Illustrated by Erin Rommel
There are approximately 1,200 different terms for vagina and vulva, and more than 5000 euphemisms used to describe a period. Yet when it comes to actually saying the words ‘vagina,’ ‘vulva’ or ‘period’ out loud, many of us cower and cringe with shame.
A study exploring attitudes around female genital slang found that 65% of respondents avoid using the words ‘vulva’ and ‘vagina,’ regarding them as embarrassing or offensive – and opting for euphemisms such as ‘fanny,’ ‘lady parts’ or ‘honey pot’ instead.
Period talk is met with similar disdain. When the UK government announced the abolition of the tampon tax earlier this year, the reaction on social media was littered with expressions of repulsion, with many insisting that the discussion should be kept ‘polite and private.’

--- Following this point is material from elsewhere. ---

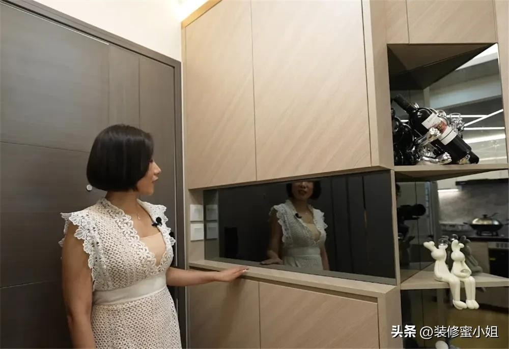 Ngay lối vào, tủ bếp thiết kế theo dạng góc vát, giúp không gian bớt ngột ngạt. Ảnh: Sohu

This is a message that people who menstruate have heard and internalised throughout their lives.
Nearly half of girls aged 14-21 feel uncomfortable speaking about their period, according to research by Plan UK, with one in ten having been told not to talk about their periods in front of their parents.
There is a sexist double standard when it comes to talking about our health.
While men’s health is typically discussed neutrally and factually, or even in positive terms of strength, power and productivity, women’s health, bodies and sexuality continue to be seen as taboo.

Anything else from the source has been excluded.